As an example, we considered the dynamics of axotomy-induced apoptosis or necrosis of glial cells after isolation of CSR. In the non-axotomized (intact) preparation, apoptosis of few glial cells occured at 4–8 h after isolation and remained further at the low and constant level (Fig. 10). It was possibly a result of occasional damage to some glial cells during isolation. In the axotomized CSR, glial apoptosis was higher and permanently increased after isolation. It was possibly the direct result of AT-induced injury of some glial cells and/or indirect result of the neuron damage. One can suggest that in the first case, the damage of some glial cells, which envelop the cut axon end, led to massive penetration of Ca2+, which can induce both necrosis and apoptosis (Trump and Berezesky 1996; Uzdensky et al. 2007). The indirect way may be related to Ca2+ influx through the transected axon end (LoPachin and Lehning 1997), complex biochemical response of the damaged neuron (Rishal and Fainzilber 2014), and neuron-to-glia signaling (Goldberg and Barres 2000). These processes were directed to axon repair and regeneration, but in the isolated CSR preparation, the recovery was not reached and cells died.

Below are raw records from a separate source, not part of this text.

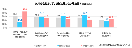 今の会社で働き続けない理由は男女で明確な差があらわれ、男性の上位3つは「転職でキャリアアップしていきたいから(33.9%)」「色々な会社で経験を積んでいきたいから(31.7%)」「給料がいまいちだから(29.4%)」と自身のステップアップに関係する理由が高いのに対し、女性の上位3つは「ライフステージに合わせて働き方を変えたいから(43.6%)」「給料がいまいちだから(26.0%)」「色々な会社で経験を積んでいきたいから(22.9%)」。女性は働き続けたいという意向だが、“今の職場で”仕事と結婚・子育てのベストバランスを実現させるのは難しいと感じているようだ。【図1、2】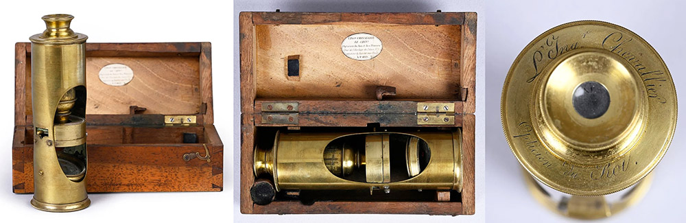Drum-style compound microscope from Maison de l’Ingéneur Chevallier. Adapted with permission from http://www.lecompendium.com/dossier_optique_196_microscope_a_niche_maison_chevallier/microscope_a_niche_ingr_chevallier.htm.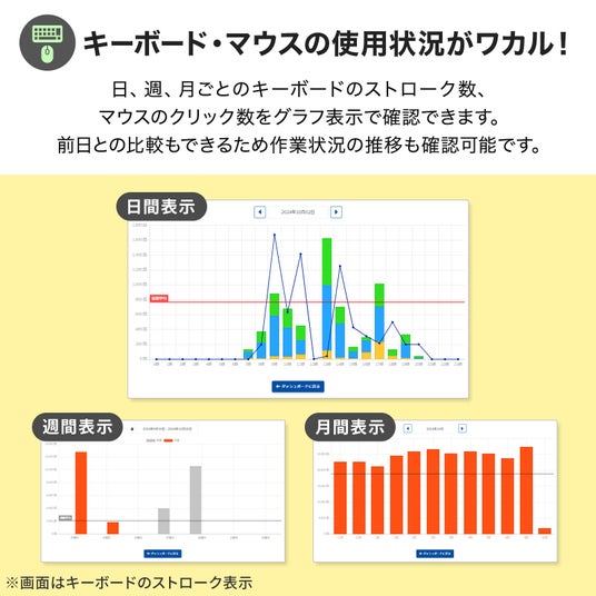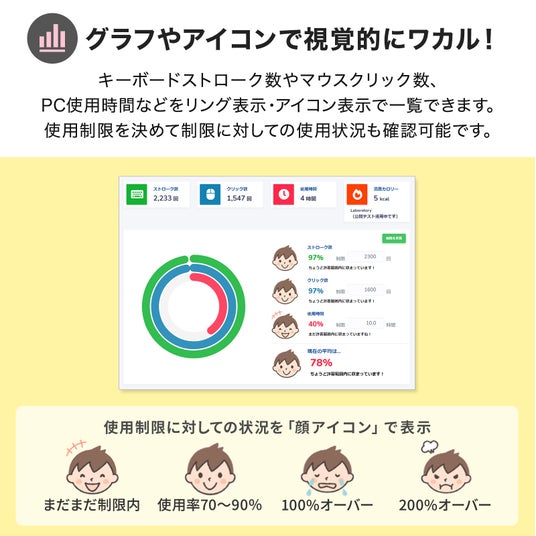 キーボードストローク数やマウスクリック数、パソコン使用時間などの使用状況をグラフやアイコンで直感的に確認できます。

Necrosis of glial cells in both preparations occurred after 15-h incubation, later than apoptosis. Apoptosis is known to require the energy supply. When the ATP level is low, cells die from necrosis (Nicotera et al. 1998). One can suggest that prolonged incubation of the isolated stretch receptor in the limited saline volume (4 ml) exhausted energetic substrates in glial cells and depleted ATP that led to necrosis. This process occurred faster in glial cells surrounding the axotomized neurons, which consumed a lot of ATP for sealing of the transected axon end and maintaining the axon integrity, than in glial cells around the non-axotomized neurons. In contrast, apoptosis of some cells occurred earlier, when the ATP level was still sufficient.

Only few works in the literature were devoted to characterization of the time course of the death of satellite cells after peripheral axotomy. In adult rat, this process took weeks and months (McKay Hart et al. 2002). The nature of neuroglial and interglial signals involved in neuron degeneration and death of glial cells is to be cleared.

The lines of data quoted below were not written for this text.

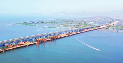 长沙湾跨海特大桥全长2108米,紧邻出海口,潮汐频繁,潮差流速大,水文条件复杂,为深汕西改扩建全线控制性工程。该桥采用拆除既有特大桥重建方案,根据工程设计,主墩采用双孔双向通航,设置主墩3个。 (刘长魁 摄)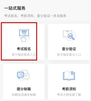 3、于考试专区界面,点击“考试报名”功能按键,从而进入报名流程。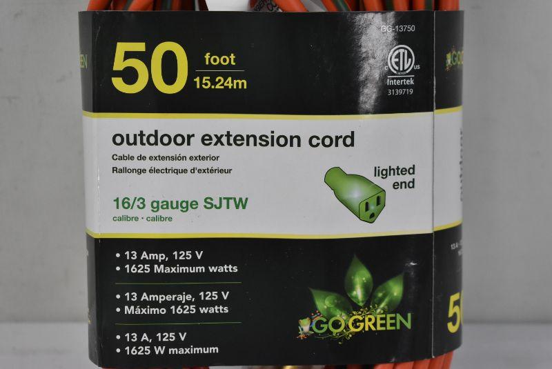 GoGreen Power 16/3 50' Heavy Duty Extension Cord, Lighted End, $17 Retail - New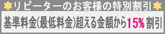 ※他の割引と一緒に利用できません。通常サービスをご利用になるお客様に限り、こちらの割引サービスをご提供しております。各サービスの基準料金(最低料金)を超えるお見積額から15%割引させていただきます。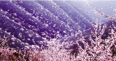 此時(shí)的靳家?guī)X,漫山遍野的桃花迎春怒放,燦若紅云,山腳下成片的梨花如白雪鋪撒大地。加上其他各種時(shí)令花卉,把整個(gè)靳家?guī)X打扮得春意盎然,姹紫嫣紅。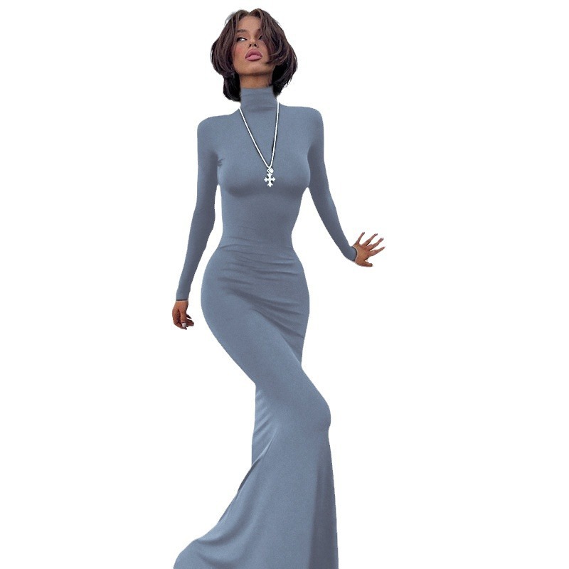 Women’s Turtleneck Long Sleeve Waist-tight Sheath Dress

The present technique of CSR isolation that preserves the link between axons of the sensory neurons and the VNC ganglion provides a simple but informative neuroglial preparation that may be used as a model object in studies of axotomy-induced degeneration and protection of peripheral neurons, the role of glia in the neuron damage, the mechanism of neuroglial interactions, the occurring signal transduction processes, and the effects of diverse physical and chemical factors on neuronal and glial cells.